The biggest focus of my last five years of blogging about the Patriots has been Bill Belichick’s chance to rebuild his defense from scratch and with total authority. While Belichick deserves a great deal of credit for the Patriots defenses that won three Super Bowls, ultimately those defenses were not hand picked by him.
Sure, he took the draftees of the previous regime like Bruschi, McGinest and Milloy, along with a collection of castoffs from other teams like Vrabel, Phifer and Harrison, and put them in positions to succeed, but those years just proved his coaching genius. Those players were not going to play forever, and now Belichick has a chance to prove his scouting and development genius.
It’s rare that a coach has the kind of control and vision that he gets to construct a defense from scratch, but that’s exactly what Belichick began doing in 2008 with the selection of Jerod Mayo.

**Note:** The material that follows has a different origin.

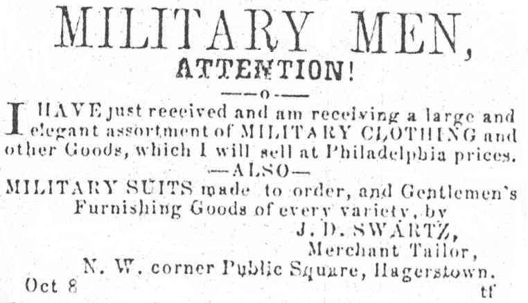 J.D. Swartz, Hagerstown tailor, advertises a large and elegant assortment of military clothing.
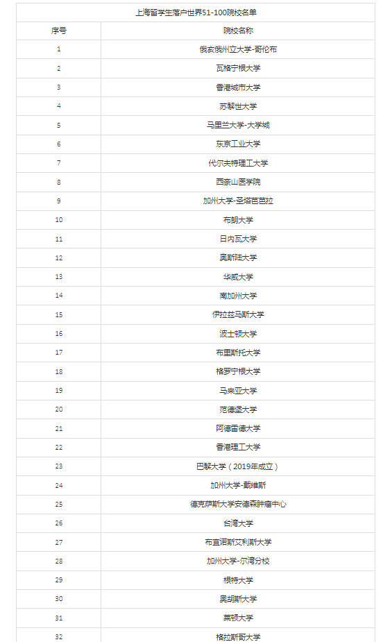 2、上海人社局认定的世界前51-100院校名单,共有76所院校,在名单里的留学生来沪全职工作,符合留学生落户的基础条件,缴纳6个月社保就能落户,没有社保基数和工作要求!

Thus, one of my most favorite times of year is the draft, especially when Belichick takes defensive players. So you can imagine my excitement after this year’s haul, and in fact it’s taken a few days for it all to actually sink in. It’s safe to say it left me speechless. Until now.
The Patriots struggles with pass defense over the past few seasons are well documented. It’s ironic that on the offensive side of the ball they were one of the teams leading the charge for the new pass-dominated NFL, but on the defensive side of the ball they’ve been continually lit up through the air.
I’ve often joked that I can’t imagine what it has looked like when Tom Brady went up against the Pats defense in practice, but quite frankly it was frustrating. Belichick knows football evolution, and usually he’s ahead of the curve, but on defense they just couldn’t seem to solve the problems that have haunted them for the last two seasons.
We can talk about how they still won a lot of games and didn’t allow a lot of points despite giving up a lot of yards and third down conversions, but the simple truth is this: The Patriots have not had a dominant defense since the dynasty years. They didn’t have a defense that could take over games. They didn’t have a defense that made quarterbacks uncomfortable. They made some big plays at times, got some key stops at times, but consistently week in and week out they were at best an average defense that needed more talent, specifically more game breakers in their front seven especially.
In that regard the 2012 draft was the one we were all waiting for. At least on paper. The Patriots traded up to take two front seven players and spent three more picks on defensive backs, leaving just a single offensive selection with their last pick.
As we’ve been saying this whole off-season the great 3-4 vs. 4-3 debate is moot. The nickel defense is the new base. If you cannot pressure the quarterback with four rushers in today’s NFL you are going to get torched. If you have trouble stopping the run well…you’ll probably still be able to outscore them so who cares. Pondering the 3-4 vs. 4-3 is like pondering what their goal line defense will look like. It really doesn’t matter.
This Patriots draft could be best summed up as “Defensive Diversity”. Every player they selected specifically for their defense can do a number of things, meaning the days of over-specialization are done. Remember 2010 where there would be whole-sale substitutions on defense whether they were playing pass or run? There will be no more of that.
First and foremost this will be a defense with a number of new players who can get after the passer, but also with enough athleticism to play in space, in zone or man-to-man, or anything else that Belichick wants to do to exploit an offense. It also means that opposing quarterbacks are going to have a lot harder time deciphering pre-snap what the Patriots defensive intentions are.
It’s impossible to predict how everything will flush out in training camp this summer. And even then we’ll still have no idea who will be where on a week to week basis. But there’s reason to be excited that the Pats not only replaced the 20 sacks they lost with Mark Anderson’s departure and Andre Carter’s uncertain future in the short term, but that they have diverse pass rush and coverage solutions lined up for the long term.
The Patriots have gotten off the “one year and done” cycle with pass rushers. They now have quite a few edge players that they can develop and nurture within the system, who also aren’t restricted to being one-trick ponies.
I’ve always had a long term view on the defensive rebuild. While it was somewhat of a surprise to get back to the Super Bowl in 2011, I think the real story to be told is how the major elements are in place for this to be a dominant defense until 2020.
And one day I think we’ll look back and see the 2012 draft as the one that was the final major piece in the second Patriots dynasty defense.